**Input data**
+--

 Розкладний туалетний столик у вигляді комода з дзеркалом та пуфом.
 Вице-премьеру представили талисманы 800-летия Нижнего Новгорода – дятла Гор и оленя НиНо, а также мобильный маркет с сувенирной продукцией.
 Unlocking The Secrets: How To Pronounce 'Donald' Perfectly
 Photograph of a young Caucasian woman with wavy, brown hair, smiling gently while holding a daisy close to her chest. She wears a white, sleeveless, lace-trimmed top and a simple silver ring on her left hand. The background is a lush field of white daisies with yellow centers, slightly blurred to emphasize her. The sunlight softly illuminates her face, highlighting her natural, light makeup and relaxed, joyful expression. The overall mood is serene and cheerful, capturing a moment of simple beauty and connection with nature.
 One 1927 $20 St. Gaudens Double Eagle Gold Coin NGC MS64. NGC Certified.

+--

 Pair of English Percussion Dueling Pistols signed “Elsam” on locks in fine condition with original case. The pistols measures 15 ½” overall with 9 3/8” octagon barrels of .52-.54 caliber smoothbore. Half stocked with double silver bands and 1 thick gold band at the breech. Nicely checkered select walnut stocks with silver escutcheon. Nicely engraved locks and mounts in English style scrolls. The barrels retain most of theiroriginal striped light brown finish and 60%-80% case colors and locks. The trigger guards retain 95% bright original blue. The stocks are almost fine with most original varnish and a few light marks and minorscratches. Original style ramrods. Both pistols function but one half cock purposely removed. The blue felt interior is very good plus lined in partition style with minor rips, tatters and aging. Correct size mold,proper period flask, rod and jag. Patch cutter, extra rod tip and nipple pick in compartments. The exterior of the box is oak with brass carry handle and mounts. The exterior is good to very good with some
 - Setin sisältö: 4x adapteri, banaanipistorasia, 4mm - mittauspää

+--

**What you should do**
Extract from the listing above the lines between the line containing "Розкладний туалетний столик" and the line containing "Unlocking The Secrets: How", keeping both of those lines. Output nothing else.

**Exercise response**
 Розкладний туалетний столик у вигляді комода з дзеркалом та пуфом.
 Вице-премьеру представили талисманы 800-летия Нижнего Новгорода – дятла Гор и оленя НиНо, а также мобильный маркет с сувенирной продукцией.
 Unlocking The Secrets: How To Pronounce 'Donald' Perfectly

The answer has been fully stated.